— The task —
Nothing but the lines from the one with "ガラスビーズやシェル、パール" through the end of the listing should be reproduced, each exactly and with pictures omitted.

— Provided material —
>>>>

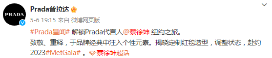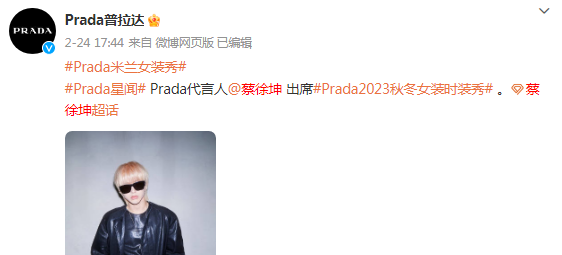像当时被大家调侃得很厉害的Prada,即使品牌又被吐槽是“内娱塌房检测器”,又被扣上了“衰”的帽子,但如果你现在去翻看Prada的微博,就能发现官方是没有删除蔡徐坤相关消息的。
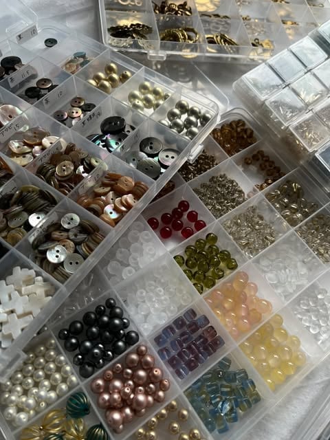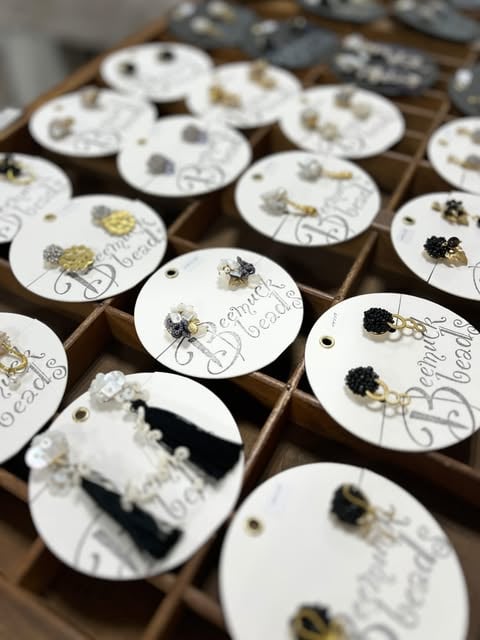 ガラスビーズやシェル、パールなどをひとつぶずつ丁寧に刺繍して作るアクセサリーです。
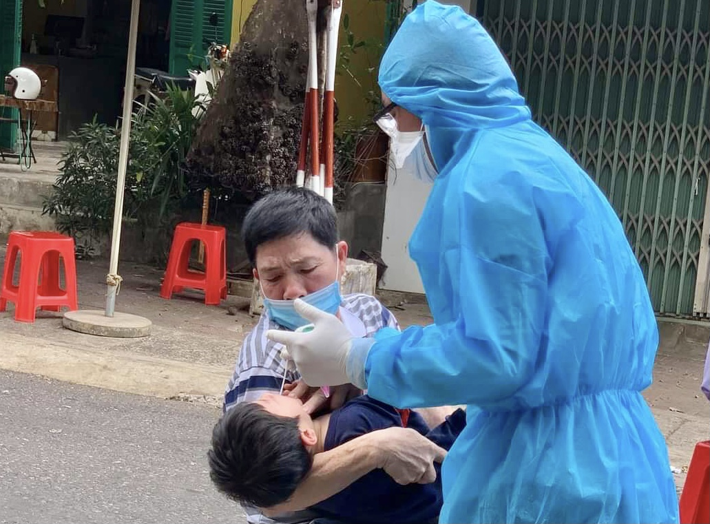 Lực lượng chức năng lấy mẫu xét nghiệm với các cư dân thuộc đường Nguyễn Đình Chiểu (TP Pleiku), chiều 3/2.

<<<<

— Task answer —
 ガラスビーズやシェル、パールなどをひとつぶずつ丁寧に刺繍して作るアクセサリーです。
 Lực lượng chức năng lấy mẫu xét nghiệm với các cư dân thuộc đường Nguyễn Đình Chiểu (TP Pleiku), chiều 3/2.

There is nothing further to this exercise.